Last Updated: 22 Mar, 2021
Minimum Changes To Make Valid Path
Hard
Asked in company
Given a matrix of size ‘N’ x ’M’. Each cell in a grid has a character denoting the next cell that can be visited from the current cell. If 'MATRIX'[i][j] is equal to:
‘U’:- then from (i,j) you can visit (i - 1, j) only if i - 1 >= 0.
‘D’:- then from (i,j) you can visit (i + 1, j) only if i + 1 < n.
‘R’:- then from (i,j) you can visit (i, j + 1) only if j + 1 < m.
‘L’:- then from (i,j) you can visit (i, j - 1) only if j - 1 >= 0.
You can change the direction of each cell at most one time.
You need to determine a minimum number of changes you need to make to reach from the cell (0,0) to the cell('N' - 1, 'M' - 1).
Input Format:
The first line contains a single integer ‘T’ denoting the number of test cases.
The first line of the test case contains 2 integers ‘N’ and ‘M’ denoting the length and width of the matrix.
The next ‘N’ lines contain ‘M’ characters each denoting the direction of the cell of the matrix.
Output Format:
For each test case, print a single integer denoting a minimum number of cell’s direction need to change to reach from (0,0) to ('N' - 1, 'M' - 1).
Print the output of each test case in a separate line.
Note:
You do not need to print anything, it has already been taken care of. Just implement the given function.
Constraints:
1<= T <=10
1<= N, M <=100
MATRIX[i][j] = {‘D’,’R’,’U’,’L’}.
Time limit: 1 sec
Approaches
Explanation:-The main idea is to use a breadth-first search to find minimum changes to reach from the cell (0,0) to all other cells. The cell will be added in the queue if the steps of the current cell is less than the given cell.
The steps are as follows:
- Create an auxiliary matrix ‘STEP’ of size ‘N’ X ‘M’ with default value infinite. Then initialize ‘STEP’[0][0] to 0.
- Start breadth-first from (0,0) cell. Now traverse the director present at the current cell. If it does not lie outside the matrix then check the steps of the current cell is less than the steps of the cell then update the steps of the cell with the current cell. Add the cell in the queue.

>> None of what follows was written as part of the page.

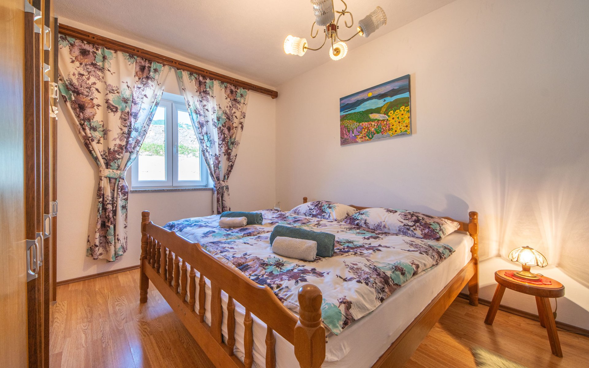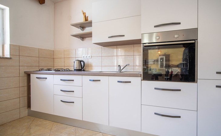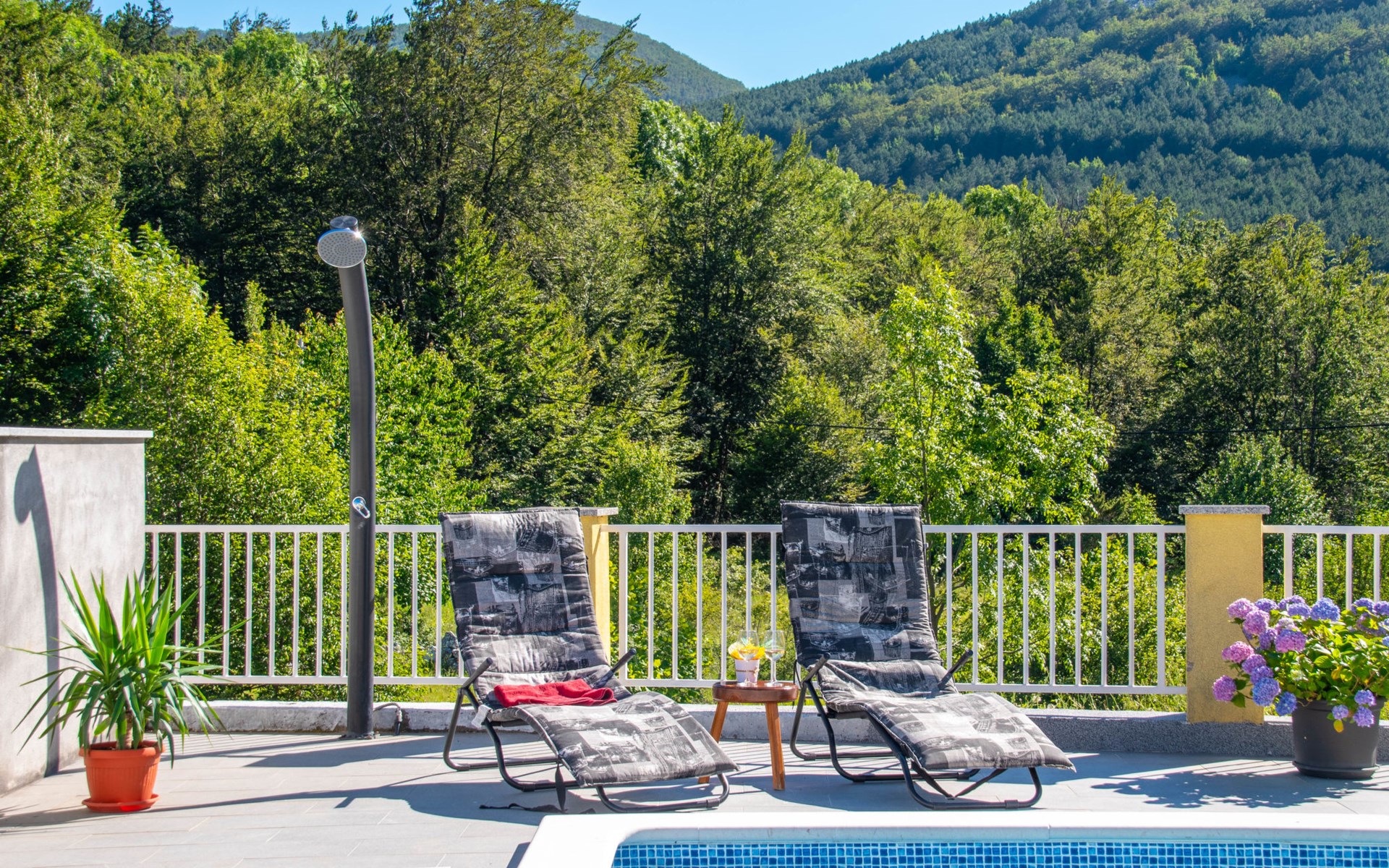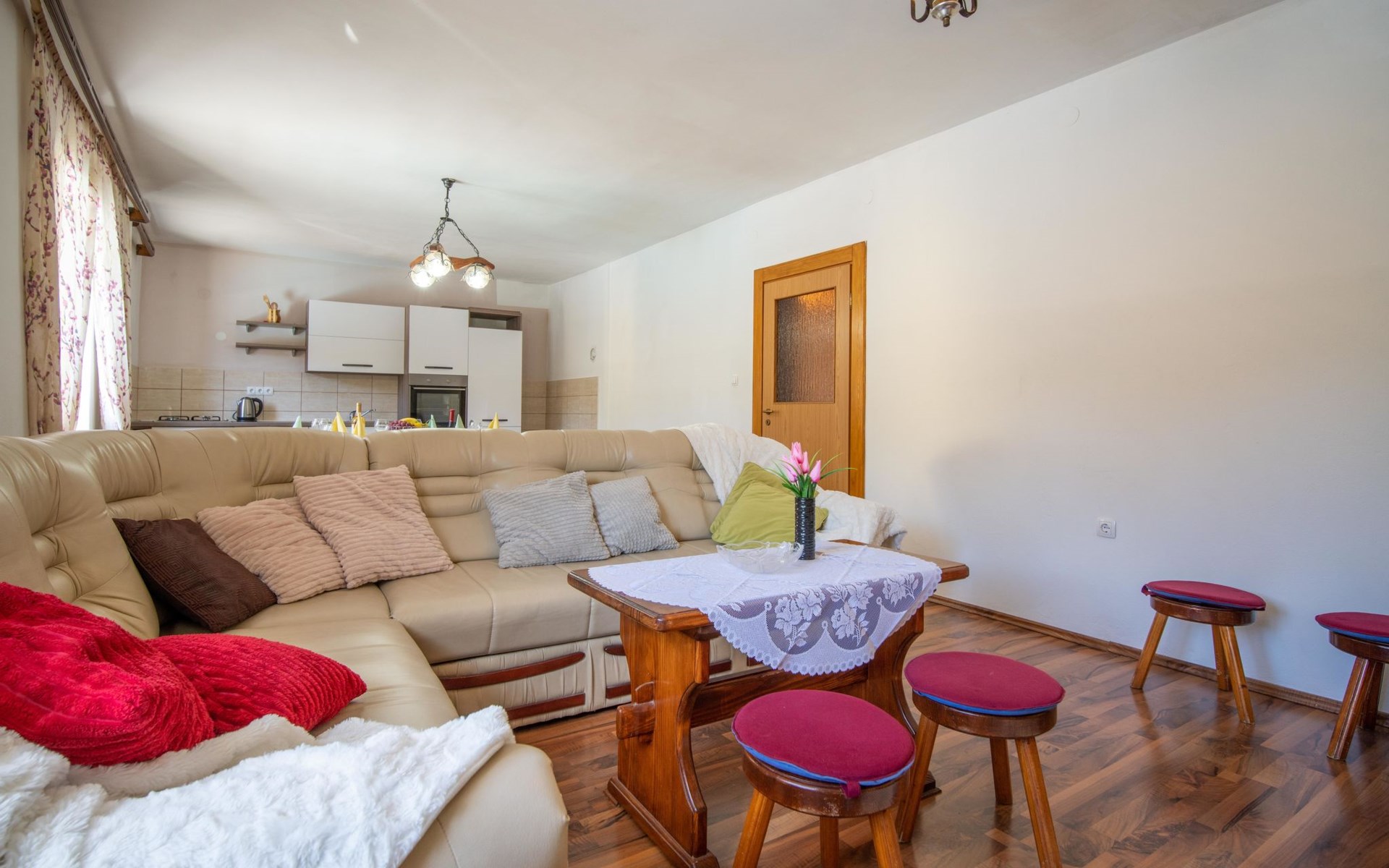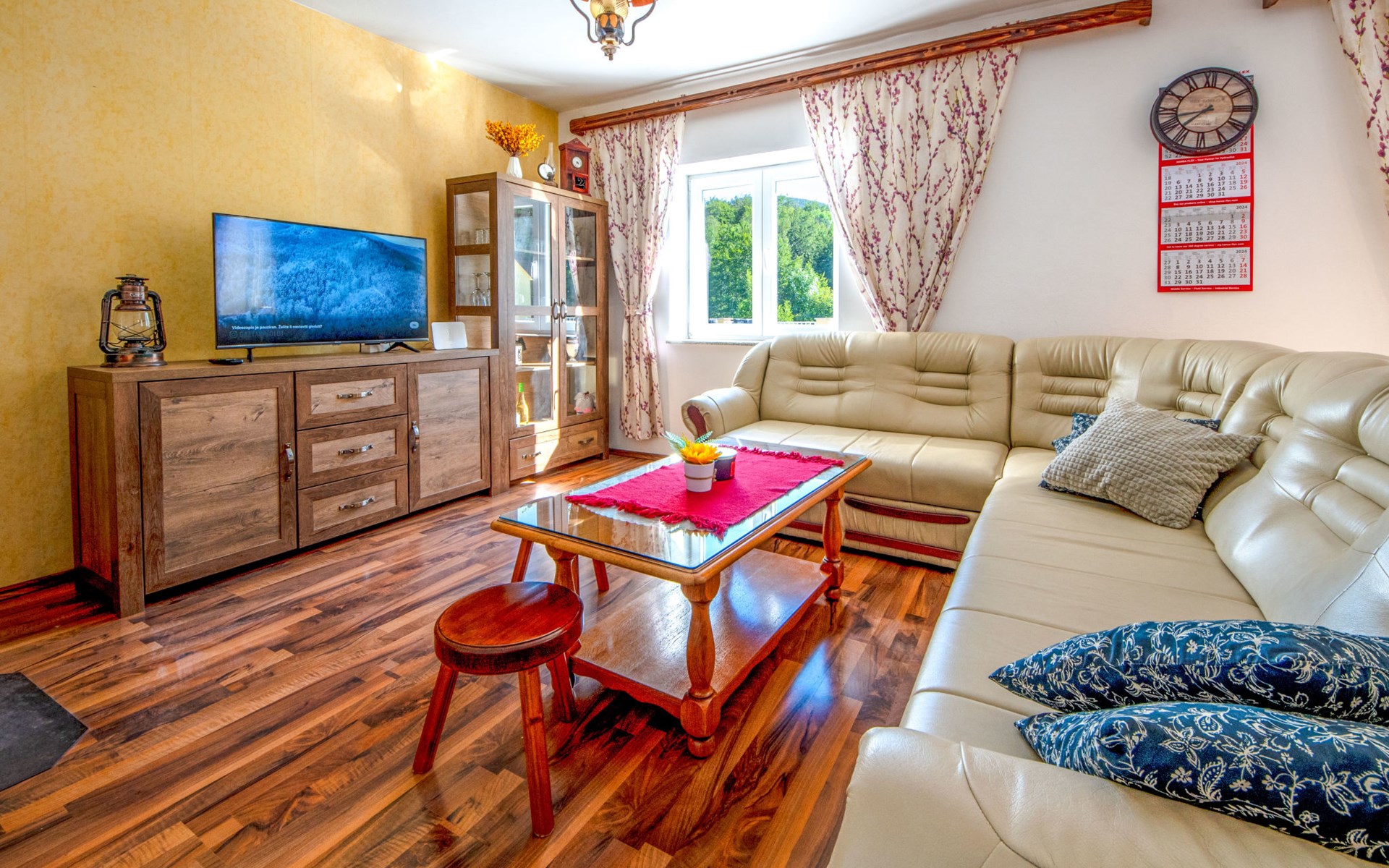 Single-family house "Saulja". In the hamlet Oltari 14 km from the centre of Sveti Juraj, in a quiet, sunny position, 14 km from the sea, in the countryside. Private: property 960 m2, swimming pool angular (10 x 4 m, depth 80 - 140 cm, seasonal availability: 01.May. - 01.Oct.) with internal staircase and salt-electrolysis pool-cleaning system. Outdoor shower, terrace (45 m2), garden furniture, barbecue, pool maintenance by the owner/gardener. In the house: internet access, washing machine. Parking (for 3 cars) at the house on the premises. Shop 10 km, restaurant 10 km, bus stop 500 m, pebble beach 14 km, concrete beach 14 km. Nearby attractions: national parki Sjeverni Velebit 18 km. Swimming pool with hydromassage. Swimming pool with handicap access.

- Now traverse all the remaining directions. First, check if the cell lies outside the matrix then move to the next direction. Else check if steps of the cell are less than steps of current cell + 1(Since we are changing the direction. Hence we are adding 1). then update the steps of the cell with the current cell + 1 and add the cell in the queue.
- After breadth-first search return 'STEP['N' - 1]['M' - 1]'.
Explanation:-The main idea is to use a (0-1) breadth-first search and dequeue to find the minimum distance. We will convert this matrix into a weighted undirected graph of weights 0 and 1.So our problem becomes to find the shortest path from the source (0,0) to the target (m-1,n-1).
The steps are as follows:
- Create a hashmap and dequeue ‘PQ’ and insert (0,0)(source) and 0(shortest path from source to source is 0) in the front of ‘PQ’.
- Now start the bfs from the source cell.If the current vertex is visited then move on. Else mark it visited. If it is equal to the target vertex then return the path sum.
- Now traverse the direction present at the current cell. If it does not lie outside the matrix and it is not visited then insert it in front of ‘PQ’ and with path sum equal to path sum of the current cell.
- Now traverse all the remaining directions. First, check if the cell does not lie outside the matrix and it is not visited. Now insert the cell into the end of ‘PQ’ with path sum equal to path sum of current cell + 1(since we are changing the direction of the current cell).